If an alien spacecraft landed in Dr. Avi Loeb’s backyard tomorrow, he would readily step on, leave his family behind and take off to discover the great beyond.

Obviously, he’d be giving up a lot, but it’s for an essential cause, he says: Humans need to explore the possibilities for human life beyond earth.

“We know the sun will burn up the surface of the earth within a billion years,” he says. “We won’t be able to stay here.”

Loeb, an Israeli-American astrophysicist at Harvard University, shared these thoughts recently in a podcast conversation with Dr. Tal Patalon, head of Kahn Sagol Maccabi (KSM), the Research and Innovation Center of Israel’s Maccabi Healthcare Services. Loeb was Patalon’s guest on an episode of KSM’s popular English-language podcast, “A Matter of Life and Death.”

Now in its third season (and first in English), the podcast features physician-researcher Patalon in wide-ranging conversations about life, the future and the human experience with leaders and innovative thinkers from a broad variety disciplines and fields of knowledge — from the former head of the Mossad to musicians and professors. Patalon elicits insights and showcases her multidisciplinary approach to her work at KSM, and she also has a way of getting at the core of her guests’ personalities and belief systems.

“These are open conversations, not interviews,” Patalon said. “It’s all about relationships and learning from these people. These are really special individuals who help broaden your perspective and serve as inspiration for innovation.”

KSM itself conducts various types of health research, helping researchers and entrepreneurs with its massive clinical and medical data as well as deep understanding of technology and artificial intelligence.
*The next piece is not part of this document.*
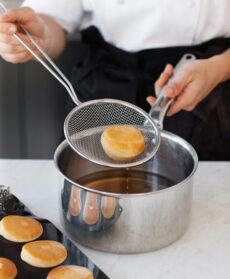 Se dopo la cottura il dolce risulta asciutto, non preoccupatevi perché dove passarlo nella bagna. Lasciatelo raffreddare perfettamente, facendolo riposare anche per 1 giorno. Se avete realizzato dolcetti piccoli tuffateli bella bagna perché si inzuppino in modo uniforme, fino al cuore.

KSM also operates the largest biobank in Israel, with over 900,000 biological samples, enabling partnerships with companies in genetic research and support for a range of Big Data projects.

Patalon’s podcast embodies the out-of-the-box thinking that guides KSM’s approach to research and innovation. Her recent conversation with Loeb covered the AI revolution, extending human longevity, and Loeb’s work at The Galileo Project for the Systematic Search for Evidence of Extraterrestrial Technological Artifacts.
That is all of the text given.